Con la radiologia si riesce ad avere più informazioni relativamente alla condizione di muscoli e tendini, informazioni che poi la TC e la RM descrivono più nel dettaglio. A volte potrebbe essere necessario eseguire biopsie per escludere altre condizioni, ma le stesse spesso non vengono effettuate se c’è il sospetto della malattia per evitare il rischio di riacutizzazioni (anche la POH, pur non presentando riacutizzazioni, vede un certo peggioramento nel suo decorso dopo l’attuazione della biopsia). La diagnosi definitiva viene posta tramite analisi genetica, tuttavia (complice il fatto che ancora non esiste un test prenatale) spesso l’esito è tardivo.
Come già detto, non c’è ancora un Perseo che possa sconfiggere questa potente Medusa; ma, sempre rimanendo nella metafora di questo mito, non dev’essere dimenticato che, nonostante le varie differenze nelle versioni della storia, tra le tre sorelle Gorgoni l’unica mortale è Medusa. È quindi un bersaglio che si può potenzialmente sconfiggere una volta individuatone i punti deboli.
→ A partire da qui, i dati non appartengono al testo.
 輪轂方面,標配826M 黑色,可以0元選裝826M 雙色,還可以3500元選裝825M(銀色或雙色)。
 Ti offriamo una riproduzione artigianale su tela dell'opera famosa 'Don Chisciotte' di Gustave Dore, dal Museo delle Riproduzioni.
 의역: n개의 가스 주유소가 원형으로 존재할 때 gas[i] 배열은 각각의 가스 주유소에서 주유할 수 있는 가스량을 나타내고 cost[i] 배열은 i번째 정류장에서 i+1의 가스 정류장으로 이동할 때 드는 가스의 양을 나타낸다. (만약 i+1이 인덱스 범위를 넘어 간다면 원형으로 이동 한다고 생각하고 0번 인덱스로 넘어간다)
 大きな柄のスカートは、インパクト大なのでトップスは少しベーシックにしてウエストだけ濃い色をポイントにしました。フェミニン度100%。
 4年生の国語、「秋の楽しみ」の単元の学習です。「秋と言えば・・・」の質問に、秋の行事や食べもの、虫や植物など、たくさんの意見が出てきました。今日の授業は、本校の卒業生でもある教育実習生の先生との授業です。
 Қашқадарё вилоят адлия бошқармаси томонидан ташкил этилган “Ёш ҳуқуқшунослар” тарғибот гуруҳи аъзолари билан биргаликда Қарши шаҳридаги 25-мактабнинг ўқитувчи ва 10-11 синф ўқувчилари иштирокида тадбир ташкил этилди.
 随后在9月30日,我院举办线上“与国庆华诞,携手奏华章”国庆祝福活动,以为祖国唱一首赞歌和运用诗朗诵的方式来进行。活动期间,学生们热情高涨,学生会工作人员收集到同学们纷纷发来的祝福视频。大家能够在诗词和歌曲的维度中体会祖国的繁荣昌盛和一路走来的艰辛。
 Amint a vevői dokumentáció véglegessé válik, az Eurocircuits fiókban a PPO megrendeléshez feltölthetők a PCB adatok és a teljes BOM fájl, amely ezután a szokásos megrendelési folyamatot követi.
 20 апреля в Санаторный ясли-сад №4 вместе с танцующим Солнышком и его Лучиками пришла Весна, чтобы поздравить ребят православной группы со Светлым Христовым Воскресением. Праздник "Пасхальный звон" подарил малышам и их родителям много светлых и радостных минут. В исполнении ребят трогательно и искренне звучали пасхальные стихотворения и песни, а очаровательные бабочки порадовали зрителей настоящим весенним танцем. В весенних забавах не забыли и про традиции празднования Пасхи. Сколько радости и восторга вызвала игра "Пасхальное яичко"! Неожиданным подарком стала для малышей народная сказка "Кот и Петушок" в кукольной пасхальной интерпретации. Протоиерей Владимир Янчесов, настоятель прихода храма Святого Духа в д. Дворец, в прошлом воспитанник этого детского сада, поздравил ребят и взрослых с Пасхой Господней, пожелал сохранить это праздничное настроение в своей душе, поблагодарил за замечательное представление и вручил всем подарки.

Proprio in questo risiede l’importanza della ricerca medica, paradossalmente poco finanziata in questo ambito (data la rarità delle due malattie), ma comunque molto attiva.
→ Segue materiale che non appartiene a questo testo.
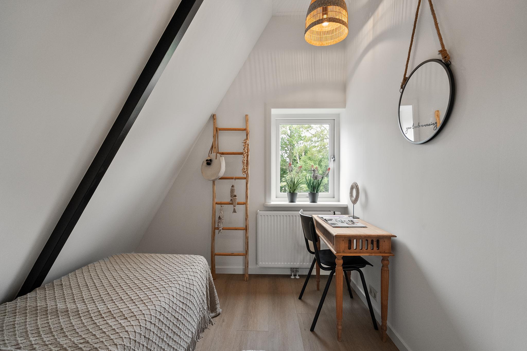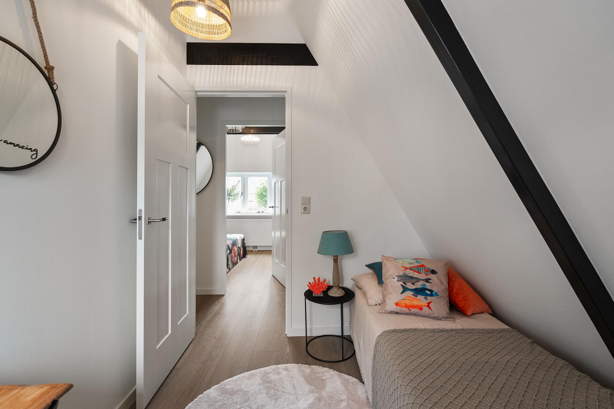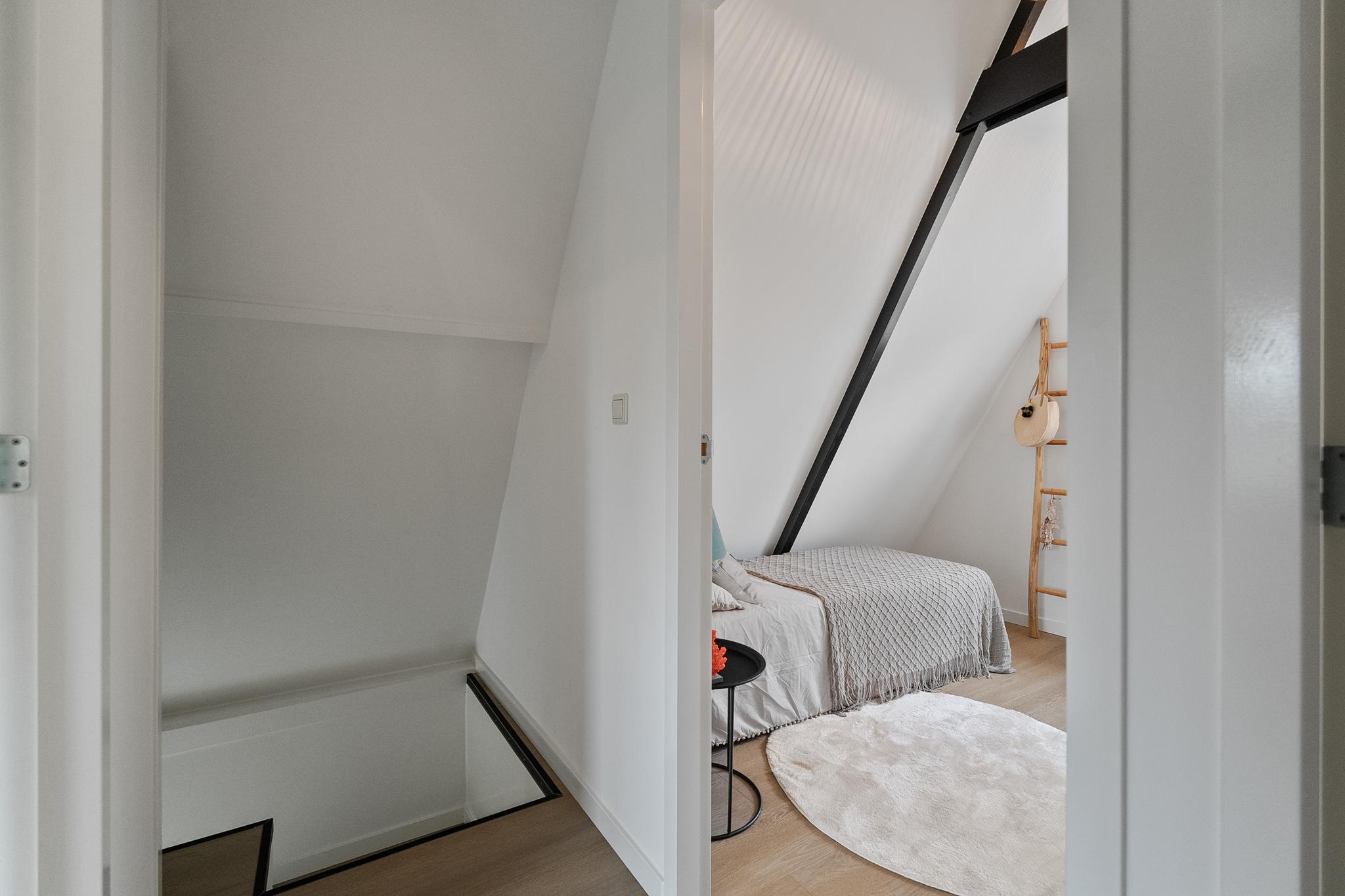 U komt boven op de overloop met bergkast in het midden. Hier is onder de vloer ook een afvoer aanwezig voor een eventueel toilet. Op deze etage zijn drie slaapkamers, allen strak afgewerkt met gestuukte wanden, laminaatvloer, uitzetramen en radiatoren. Er zijn extra hoge plafonds op de eerste etage wat een gevoel van ruimte geeft. Vanuit de overloop is via de vlizotrap de kleine bergzolder te bereiken.

Malgrado ciò, allo stato attuale non esistono terapie efficaci: il trapianto di midollo osseo si è rivelato controproducente.
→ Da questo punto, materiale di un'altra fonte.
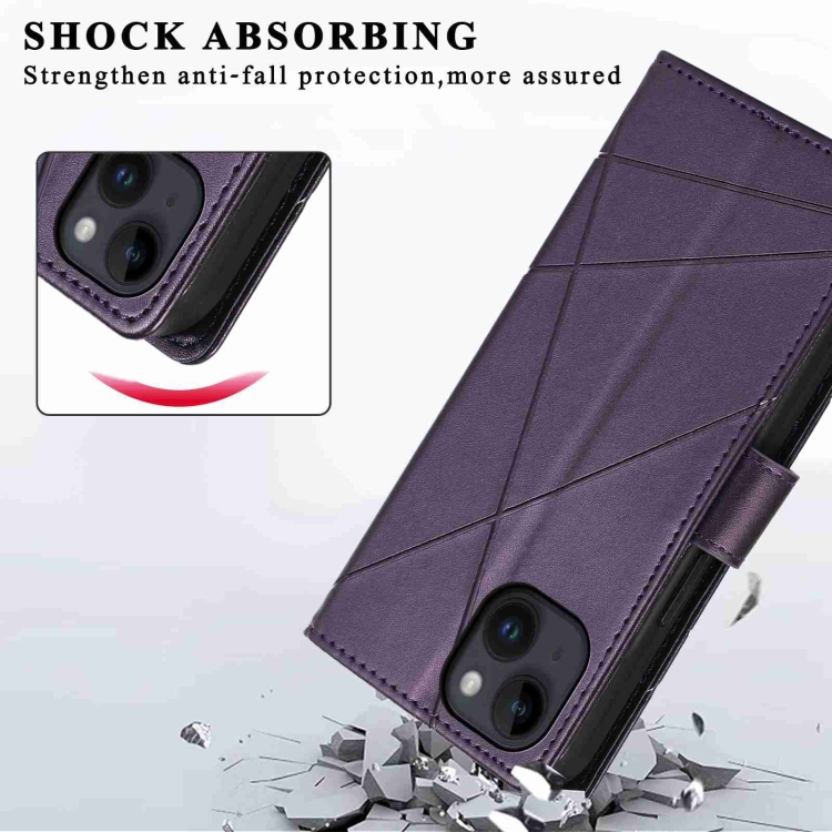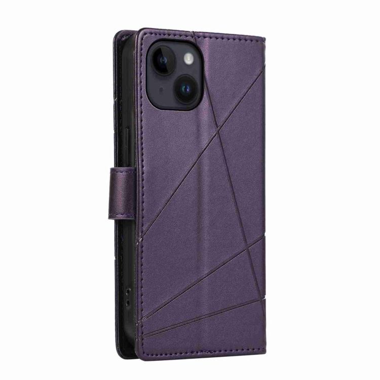 Funda para Teléfono iPhone 14 Plus Línea en Relieve Textura Cuero Genuino Pu (Púrpura)
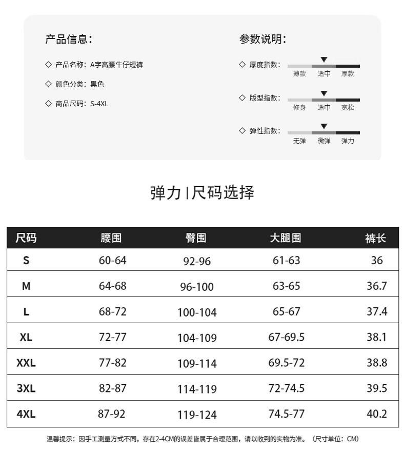 Black Denim Shorts for Women, Summer Thin Style, Pear-Shaped Body, Plus Size, Slimming, Petite, Stretchy A-Line Hot Pants

Quello che si può fare è cercare di gestire le condizioni in cui il paziente si trova a vivere, in modo da evitare urti improvvisi (deleteri per la FOP), prevenire sovra infezioni, e trattare il dolore (frequente soprattutto nelle fasi terminali e nelle riacutizzazioni) attraverso l’utilizzo di varie classi di farmaci analgesici ed eventualmente con la radioterapia. Importante infine la gestione umana: spesso questi pazienti rischiano la solitudine, tendono ad isolarsi e vengono isolati a causa degli handicap provocati dalla loro condizione (i malati di FOP, ad esempio, nell’ultimo decennio della loro breve vita sono costretti alla sedia a rotelle). Oltre alla vicinanza dei familiari, sono provvidenziali in tal senso le associazioni che si occupano specificatamente della cura di questi pazienti, in modo che gli stessi abbiano un’esistenza il più possibile serena.